Data entries:
..........
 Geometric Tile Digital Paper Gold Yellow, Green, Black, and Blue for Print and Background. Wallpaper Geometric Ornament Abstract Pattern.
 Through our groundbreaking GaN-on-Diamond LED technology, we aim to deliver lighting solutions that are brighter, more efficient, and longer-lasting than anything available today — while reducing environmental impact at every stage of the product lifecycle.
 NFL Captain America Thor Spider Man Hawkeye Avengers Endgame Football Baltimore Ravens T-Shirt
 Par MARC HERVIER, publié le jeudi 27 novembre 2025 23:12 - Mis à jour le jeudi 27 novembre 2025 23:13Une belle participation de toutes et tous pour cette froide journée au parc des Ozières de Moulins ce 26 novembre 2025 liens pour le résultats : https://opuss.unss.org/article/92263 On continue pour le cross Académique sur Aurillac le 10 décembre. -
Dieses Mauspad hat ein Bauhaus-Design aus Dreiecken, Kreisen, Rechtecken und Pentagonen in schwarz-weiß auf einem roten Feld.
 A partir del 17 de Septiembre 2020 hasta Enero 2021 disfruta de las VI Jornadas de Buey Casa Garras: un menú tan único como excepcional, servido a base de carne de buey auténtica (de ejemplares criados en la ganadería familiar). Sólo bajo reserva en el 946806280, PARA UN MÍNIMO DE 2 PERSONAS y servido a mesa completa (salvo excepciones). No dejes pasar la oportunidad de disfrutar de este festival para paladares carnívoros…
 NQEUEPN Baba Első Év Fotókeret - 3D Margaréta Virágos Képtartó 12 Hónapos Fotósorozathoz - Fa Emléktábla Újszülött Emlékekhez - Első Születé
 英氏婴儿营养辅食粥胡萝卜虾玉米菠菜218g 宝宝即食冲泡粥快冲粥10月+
..........
▶ [WHAT TO PRODUCE] An exact transcription of all the records is needed.

▶ [EXPECTED ANSWER]
 Geometric Tile Digital Paper Gold Yellow, Green, Black, and Blue for Print and Background. Wallpaper Geometric Ornament Abstract Pattern.
 Through our groundbreaking GaN-on-Diamond LED technology, we aim to deliver lighting solutions that are brighter, more efficient, and longer-lasting than anything available today — while reducing environmental impact at every stage of the product lifecycle.
 NFL Captain America Thor Spider Man Hawkeye Avengers Endgame Football Baltimore Ravens T-Shirt
 Par MARC HERVIER, publié le jeudi 27 novembre 2025 23:12 - Mis à jour le jeudi 27 novembre 2025 23:13Une belle participation de toutes et tous pour cette froide journée au parc des Ozières de Moulins ce 26 novembre 2025 liens pour le résultats : https://opuss.unss.org/article/92263 On continue pour le cross Académique sur Aurillac le 10 décembre. -
Dieses Mauspad hat ein Bauhaus-Design aus Dreiecken, Kreisen, Rechtecken und Pentagonen in schwarz-weiß auf einem roten Feld.
 A partir del 17 de Septiembre 2020 hasta Enero 2021 disfruta de las VI Jornadas de Buey Casa Garras: un menú tan único como excepcional, servido a base de carne de buey auténtica (de ejemplares criados en la ganadería familiar). Sólo bajo reserva en el 946806280, PARA UN MÍNIMO DE 2 PERSONAS y servido a mesa completa (salvo excepciones). No dejes pasar la oportunidad de disfrutar de este festival para paladares carnívoros…
 NQEUEPN Baba Első Év Fotókeret - 3D Margaréta Virágos Képtartó 12 Hónapos Fotósorozathoz - Fa Emléktábla Újszülött Emlékekhez - Első Születé
 英氏婴儿营养辅食粥胡萝卜虾玉米菠菜218g 宝宝即食冲泡粥快冲粥10月+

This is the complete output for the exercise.